WHAT IS EXPECTED
From the line holding "Председник Владе Србије" through the line holding "在重庆市两江新区(渝北区)悦" below, write out every line exactly; include both of those lines and drop the pictures.

DATA EXTRACT
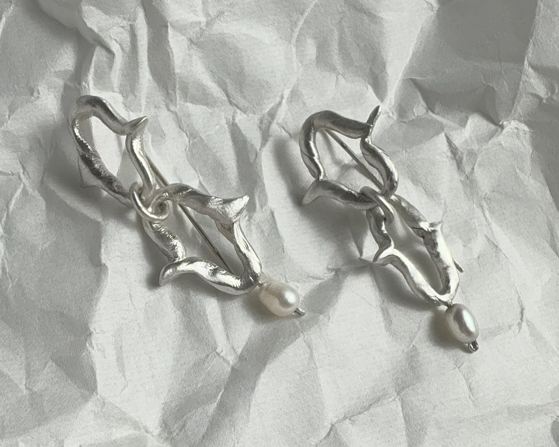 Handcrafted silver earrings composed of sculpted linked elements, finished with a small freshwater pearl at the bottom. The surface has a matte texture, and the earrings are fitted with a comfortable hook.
* * *
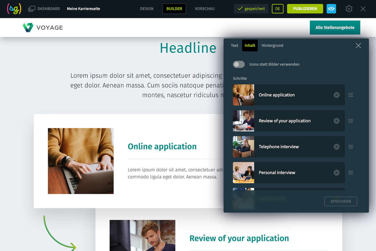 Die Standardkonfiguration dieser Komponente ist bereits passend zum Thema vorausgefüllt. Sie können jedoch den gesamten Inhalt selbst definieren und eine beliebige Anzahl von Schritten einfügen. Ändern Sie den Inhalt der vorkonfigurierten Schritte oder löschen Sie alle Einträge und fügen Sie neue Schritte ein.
* * *
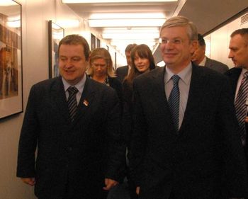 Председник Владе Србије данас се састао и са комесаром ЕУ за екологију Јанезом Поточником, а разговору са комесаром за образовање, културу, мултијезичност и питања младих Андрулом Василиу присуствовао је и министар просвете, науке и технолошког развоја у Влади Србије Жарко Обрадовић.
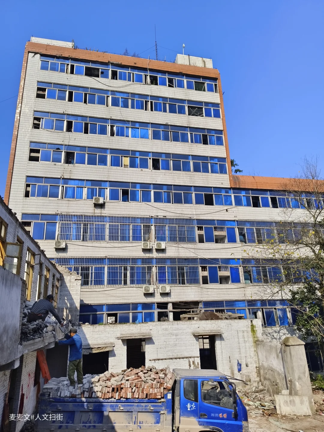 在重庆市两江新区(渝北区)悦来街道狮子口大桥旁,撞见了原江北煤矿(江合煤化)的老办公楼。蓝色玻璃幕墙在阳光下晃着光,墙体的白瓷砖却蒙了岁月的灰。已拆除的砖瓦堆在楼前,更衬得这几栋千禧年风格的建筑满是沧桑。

TASK ANSWER
 Председник Владе Србије данас се састао и са комесаром ЕУ за екологију Јанезом Поточником, а разговору са комесаром за образовање, културу, мултијезичност и питања младих Андрулом Василиу присуствовао је и министар просвете, науке и технолошког развоја у Влади Србије Жарко Обрадовић.
 在重庆市两江新区(渝北区)悦来街道狮子口大桥旁,撞见了原江北煤矿(江合煤化)的老办公楼。蓝色玻璃幕墙在阳光下晃着光,墙体的白瓷砖却蒙了岁月的灰。已拆除的砖瓦堆在楼前,更衬得这几栋千禧年风格的建筑满是沧桑。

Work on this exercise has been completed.